Allan Pickett has that ‘back in the kitchen’ glow in his belly

Spring is almost here. The beginnings of warmer weather and the first few brave daffodils are teasing us into a season of new, fresh flavours from greens and baby veg to the best tomatoes and lamb. What better time to catch up with our own new addition — executive chef, Allan Pickett — to find out how he is settling in and what he has planned for the coming months.

 

How are you settling in? What’s the most exciting thing about the new job?

To be cooking again on a day-to-day basis after taking some time out feels great. The thing about Swan is that it works and it is fantastic to see a business thriving. Then off the back of that, thinking of ways that we can possibly tweak something and make it even better. There is constant renovation here, it is always evolving.

 

It’s nice to be back, I’ve got that glowing feeling in my belly.

 

What kind of ingredients do you like working with?

My mum is an avid gardener, she has two allotments and she does lots of foraging.
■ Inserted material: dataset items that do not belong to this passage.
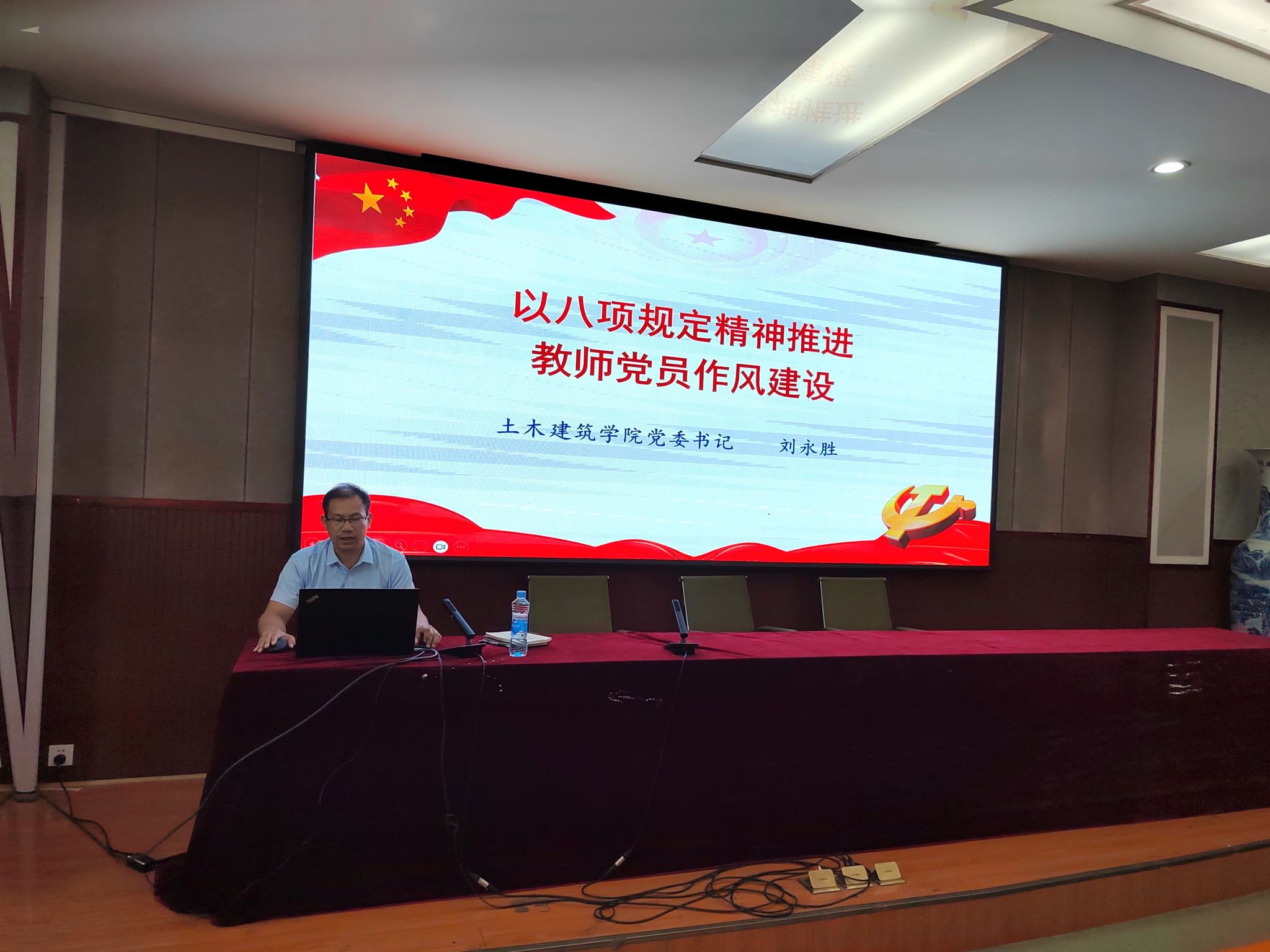公司党委书记刘永胜联系力学材料党政办教工党支部、桥梁工程教工党支部及茅以升班员工党支部,以“以八项规定精神推进教师党员作风建设”为题讲授专题党课。系统解读了中央八项规定精神的重大意义、丰富内涵及实践要求,通过剖析近年来违反中央八项规定精神的典型案例,警醒党员干部要时刻保持清醒的头脑,严格遵守党的纪律和规矩。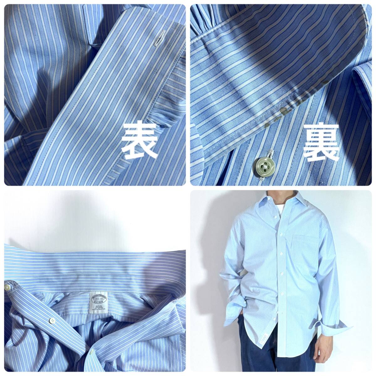 Brooks Brothers ブルックスブラザーズ 15 1/2-33 M相当 ライトブルー ホワイト マルチストライプ長袖シャツ ワイシャツ SLIMFIT v24123063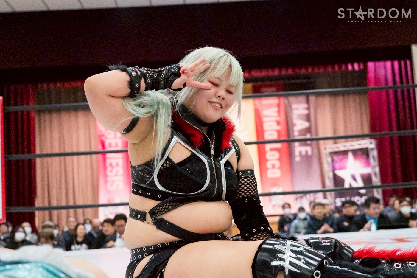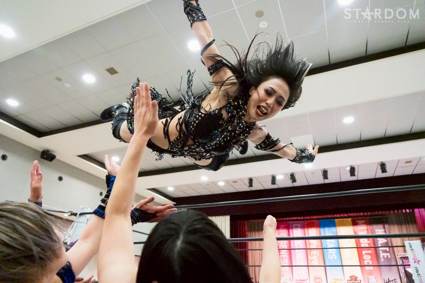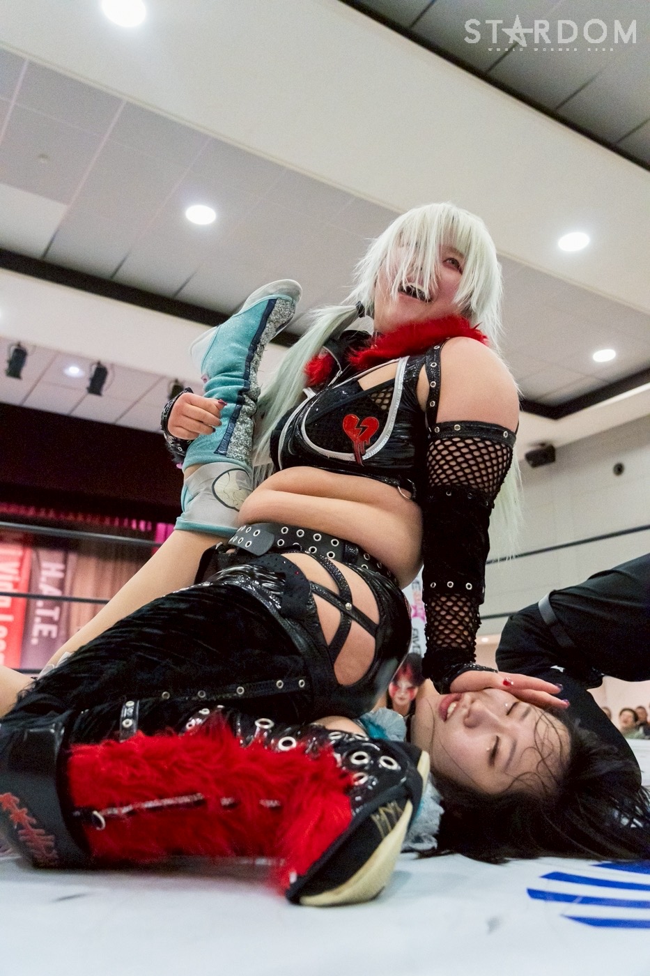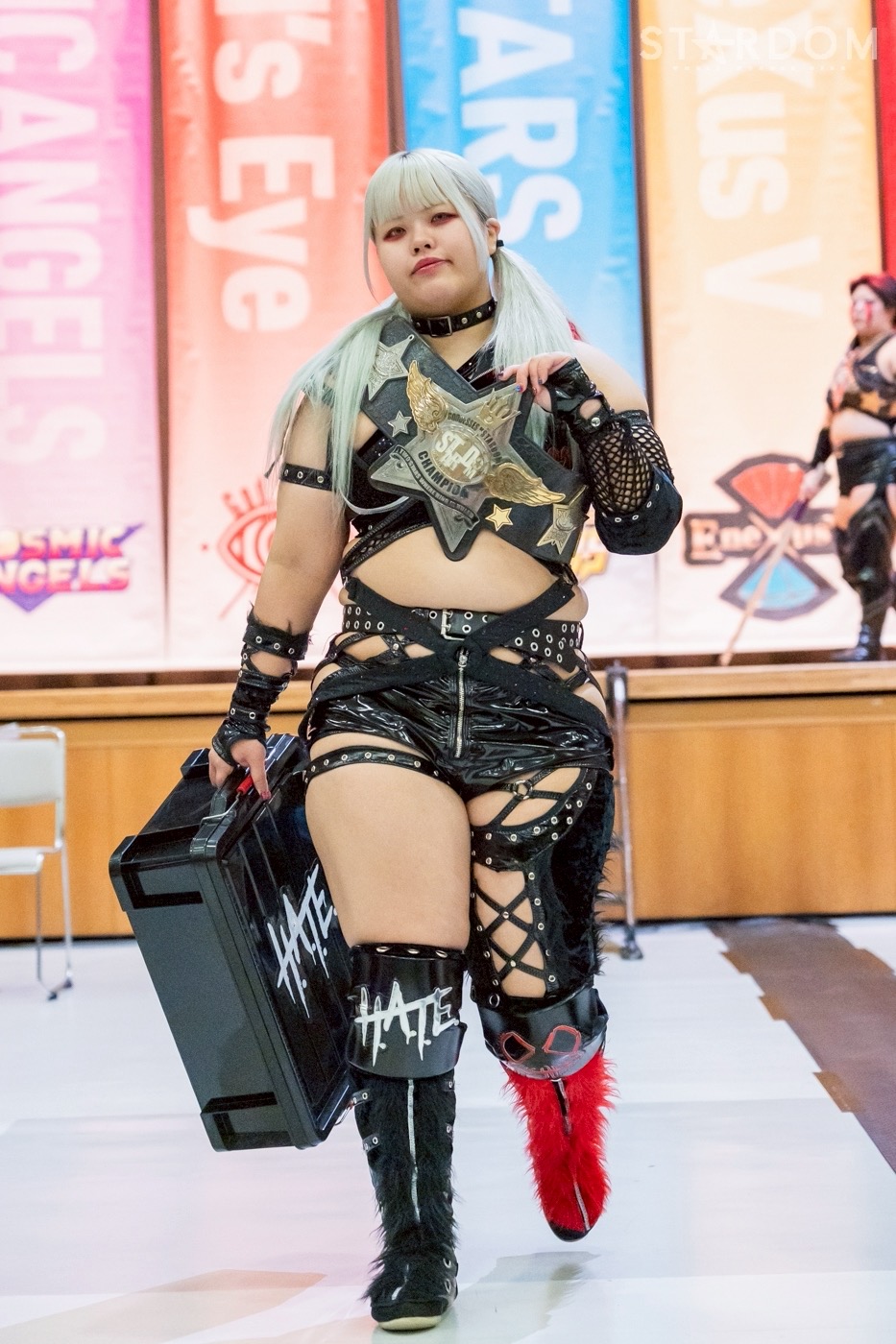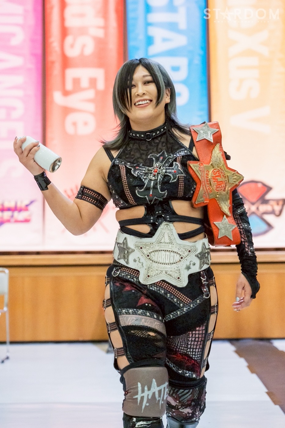 来年もスターダムはH.A.T.E.が支配するってことだよね。そういえば2月にH.A.T.E.でイベントするから、ここの人たちは田舎すぎて遠いかもしれないけど。田舎者もがんばって東京に来てもらって、2月のイベントもよろしく、以上!」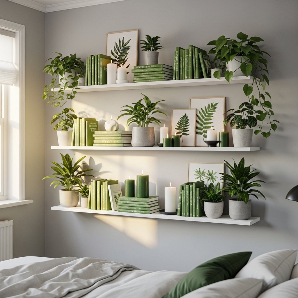 Wall shelves are a smart solution for small bedrooms with limited storage. Decorating shelves with green plants, books, candles, or small decor items adds personality without cluttering the room. Floating shelves keep the floor clear and make the room appear larger. Choosing wooden or white shelves complements green decor beautifully. This idea combines functionality with aesthetic appeal.
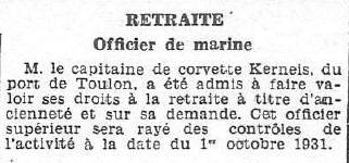 Par décret du 6 juillet 1939, promu Capitaine de frégate de réserve.

The lanes that go up to her allotments are full of damson trees and she’ll sometimes ring me up to tell me she has got lots of damsons. She’ll say: ‘How many do you want?’ If I said 50 kilos, her and her partner would get 50 kilos! She would be out there all day.

 

It’s brilliant because in this way they can have an influence on the menu and that brings with it a new story. For me it is lovely to have so much contact with Mum, she is always sending me little bunches of rosemary or chive tips or rhubarb — so watch out for those on the menu.

 

Can you give any hints on plans for next season’s menu?

The menu is always seasonal anyway, but trying to build on that and make it even more seasonal through things like the specials. I mean if we take produce like asparagus, morels, Jersey Royals and wild garlic, just those four ingredients — put those on a plate and it’s a dish in itself!

 

You have to get your seasons right, if we put Jersey Royals on the menu we have to make sure they will be available in a month and a half, because that’s when the next season’s menu changes. We are always looking to develop our signature dishes too, so watch out for those.

 

What’s your favourite classic on the menu?
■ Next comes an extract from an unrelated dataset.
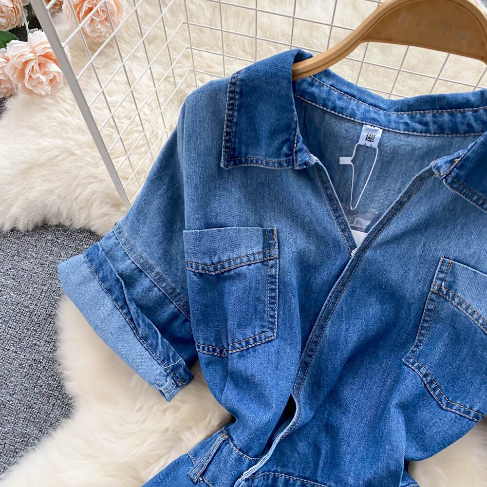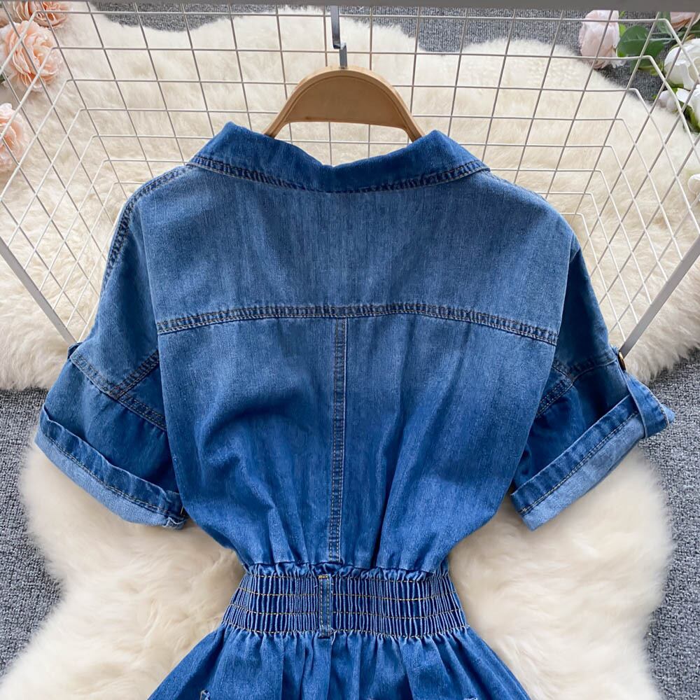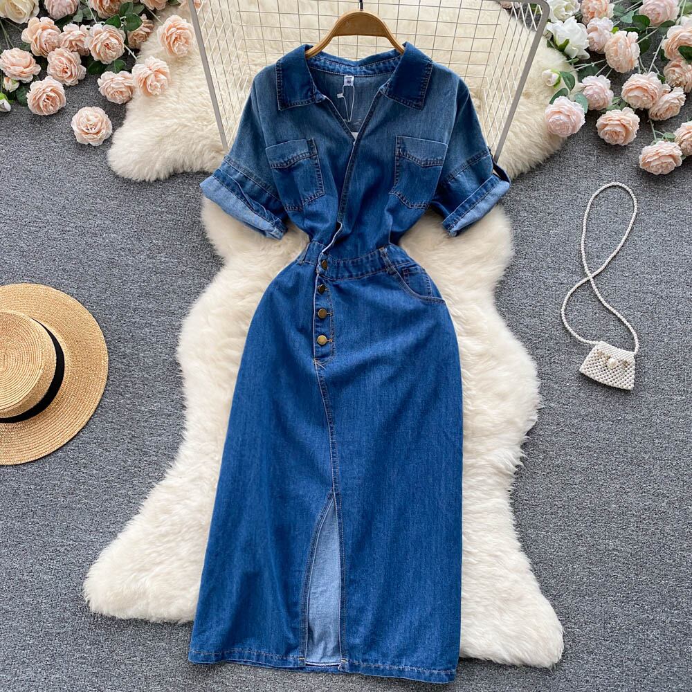 chic Hong Kong style retro denim skirt niche design slanted open buttoned slim fit mid-length temperament dress レトロ スカート スリム lyxaj77844895942

The fish stew that we do here. There is a lot of work that goes into it, about three days. From marinating the bones for the fish to all the vegetables, mussels and fish and, of course, the bread to mop up the soup with. It’s a labour of love, but it’s completely worth it! There are not many places that do a fish stew really well, but we do.

 

What have been the challenges so far?

It is definitely the busiest place I have worked. I am on the steepest learning curve I will ever have, it’s like running a hotel but without the bedrooms: we do breakfast, afternoon tea, lunch etc. We have lots of different spaces, and then there is Swan About, which is the events side too. There is a lot going on and you need a team you can rely on. As soon as the Globe opens, that’s it — there are going to be huge numbers of people.

There’s a lot to juggle, but when I have time off I spend it with my family. It’s great to have that flexibility to take the kids to school.

 

When you are not at work, where do you like to eat?
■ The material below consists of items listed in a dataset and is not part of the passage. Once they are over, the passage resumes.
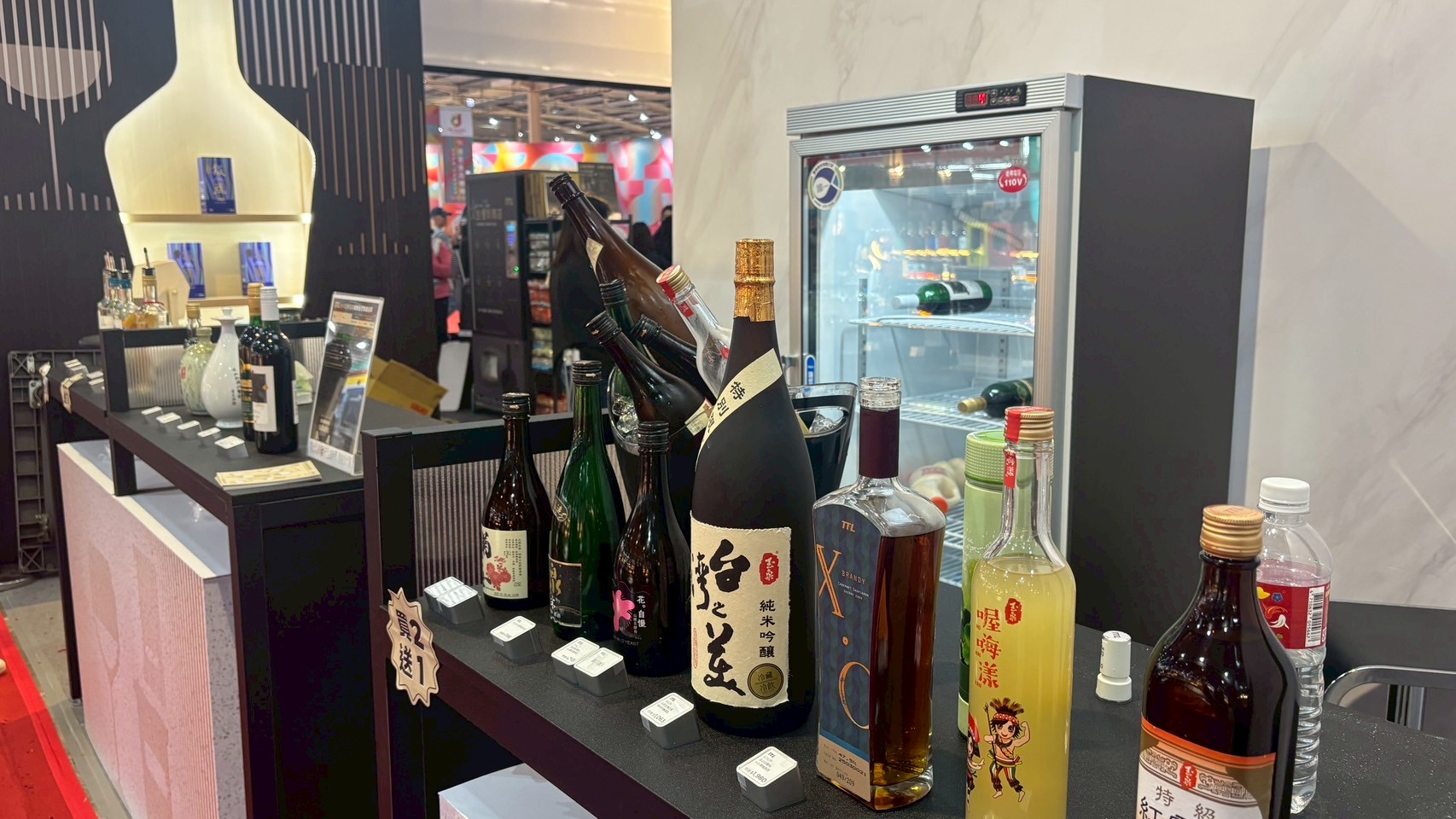 這次展覽團昱合作廠商較多元,從酒商、咖啡業者到烘焙甜點品牌都有,其中又以酒商為最大宗,而團昱租賃出去的冰箱以直立展示冰箱、玻璃對拉冰櫃為主。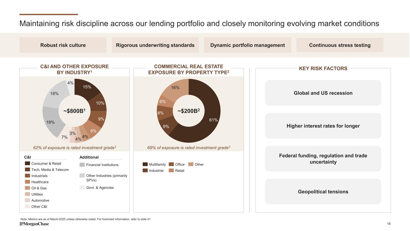 62% of exposure is rated investment grade3 Maintaining risk discipline across our lending portfolio and closely monitoring evolving market conditions Note: Metrics are as of March-2025 unless otherwise noted. For footnoted information, refer to slide 41 Continuous stress testingDynamic portfolio managementRobust risk culture Rigorous underwriting standards Global and US recession Higher interest rates for longer Federal funding, regulation and trade uncertainty Geopolitical tensions KEY RISK FACTORS 15% 10% 9% 8% 4%7% 18% 18% 4% 4% 3% Consumer & Retail Tech, Media & Telecom Industrials Healthcare Oil & Gas Utilities Automotive Other C&I ~$800B1 Financial Institutions Other Industries (primarily SPVs) Govt. & Agencies C&I Additional COMMERCIAL REAL ESTATE EXPOSURE BY PROPERTY TYPE2 69% of exposure is rated investment grade3 61% 9% 8% 6% 16% Multifamily Industrial Office Retail Other ~$200B2 C&I AND OTHER EXPOSURE BY INDUSTRY1 18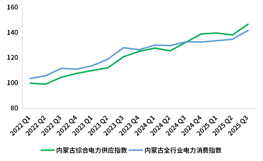 從用電端看,全區(qū)產(chǎn)業(yè)結(jié)構(gòu)深度調(diào)整,轉(zhuǎn)型升級趨勢明顯。制造業(yè)持續(xù)發(fā)揮“壓艙石”作用,2025年前三季度,制造業(yè)對全行業(yè)用電量增長的貢獻(xiàn)率近六成,通用設(shè)備制造業(yè)、專用設(shè)備制造業(yè)、汽車制造業(yè)、計算機(jī)、通信和其他電子設(shè)備制造業(yè)用電量均實現(xiàn)兩位數(shù)增長。在數(shù)字經(jīng)濟(jì)領(lǐng)域,內(nèi)蒙古搶抓全國一體化算力網(wǎng)絡(luò)內(nèi)蒙古樞紐節(jié)點(diǎn)建設(shè)機(jī)遇,在呼和浩特市、烏蘭察布市大力培育綠色算力著力培育綠色算力,互聯(lián)網(wǎng)數(shù)據(jù)服務(wù)用電量同比增加83.87%。

I went to Padella last week for lunch on my wife’s birthday and it was amazing. There are only about four or so dishes on the menu, things like burrata with really good olive oil.

I also like Trinity in Clapham which is quite relaxed and I love the Galvin restaurants.

On my hit list are Gymkhana, Pidgin, Kricket and Cabotte.

 

What do you think we will see in London’s kitchens this year?

I think restaurants will continue down the same route and keep things quite simple and stripped back — lots more good value-for-money places, a focus on good ingredients, and probably more bare bricks!

 

What would you like to see more of?

It’s fantastic if we can focus on produce that is as local as possible. If we can say these cauliflowers and cabbages are grown in Kent and we know the provenance then customers appreciate it. At Swan we use pheasants and ducks from our owner’s farm in Kent, they are lovely and that’s a story that we like to tell at our table.

 

Do you use Instagram and social media, is it important how dishes look?

Instagram is very important for ideas and for showing the world what you do, but what it really comes down to is flavour. There is value in Instagram and other platforms from looking at what other people are doing from a benchmarking point of view and to be on-trend. Look at the guys from Symmetry Breakfast, what a great idea! As a chef, it is always nice to have a dish that people come for because they can’t get the same thing everywhere else and then you see it spread and other places do it which makes you smile. But really it’s about having a great product. I am always pulling dishes apart and tasting them again to make sure they have enough seasoning and the ingredients are working together the way they should.